Washington Post, Congressman who was caught red-handed might seek FBI investigation into leaked kissing video, Aaron Blake, April 9, 2014. Rep. Vance McAllister (R-LA, shown at right in his official photo), who is dealing with the fallout of a leaked video showing him kissing a staff member, might ask the FBI to investigate the leaking of the video. The Monroe News Star reported late Tuesday that McAllister would seek the investigation -- which would entail formally sending a letter to House Speaker John Boehner (R-Ohio) -- but his spokeswoman has since told reporters that the matter is still under consideration. The video was published Monday by another newspaper in McAllister's district, the Ouachita Citizen, but the paper didn't say where the video came from. Whoever shot the video was taking footage of security video feeds in the congressman's campaign office. A local pastor has accused another McAllister staffer of taking the video and shopping it to McAllister's political opponents.

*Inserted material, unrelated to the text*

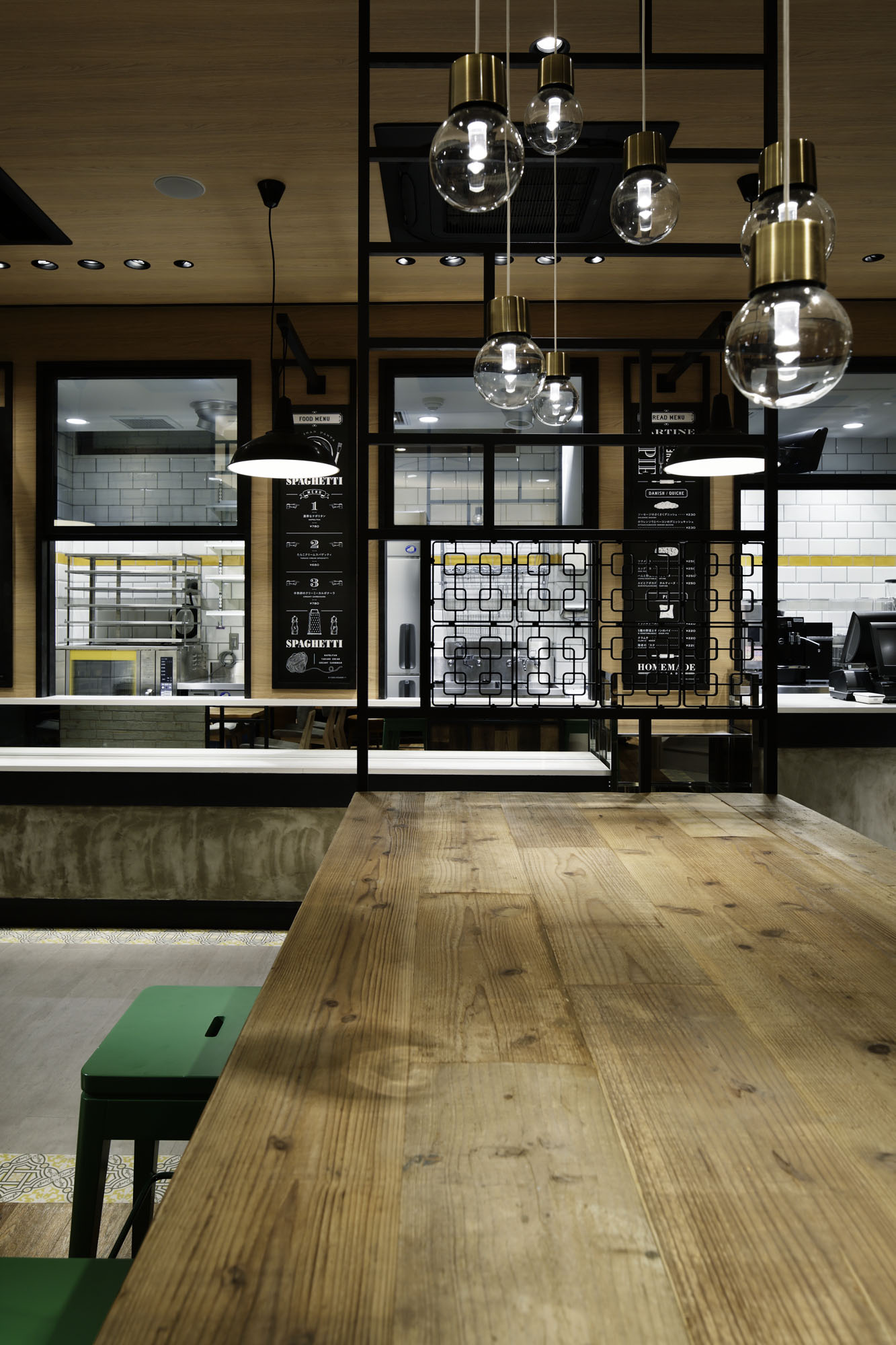 このカフェで「ユニーク」と感じてもらえる最初のタッチポイントはカウンター型の商品提供スタイルです。ただ単に解放されたオープンキッチンとは異なり、間仕切り壁に上げ下げ窓を設えることで、お客様との距離を自ら近づけようという当ブランドの意思をデザインに取り入れています。お客様がトレーを持ち、商品、レジカウンター、コンディメンツを経て客席へという流れをスムーズにすることも、このカウンタースタイルが可能にしています。

Huffington Post, 'One-Percenter' Convicted of Child Rape Dodges Prison Because 'He Wouldn't Fare Well,' Ashley Alman, March 30, 2014. A Delaware man convicted of raping his three-year-old daughter only faced probation after a state Superior Court judge ruled he "will not fare well" in prison. In her decision, Judge Jan Jurden suggested Robert H. Richards IV, shown in a file photo, would benefit more from treatment. Richards, who was charged with fourth-degree rape in 2009, is an unemployed heir living off his trust fund. The light sentence has only became public as the result of a subsequent lawsuit filed by his ex-wife, which charges that he penetrated his daughter with his fingers while masturbating, and subsequently assaulted his son as well. Richards is the great grandson of du Pont family patriarch Irenee du Pont, a chemical baron. According to the lawsuit filed by Richards' ex-wife, he admitted to assaulting his infant son in addition to his daughter between 2005 and 2007. Richards was initially indicted on two counts of second-degree child rape, felonies that translate to a 10-year mandatory jail sentence per count. He was released on $60,000 bail while awaiting his charges.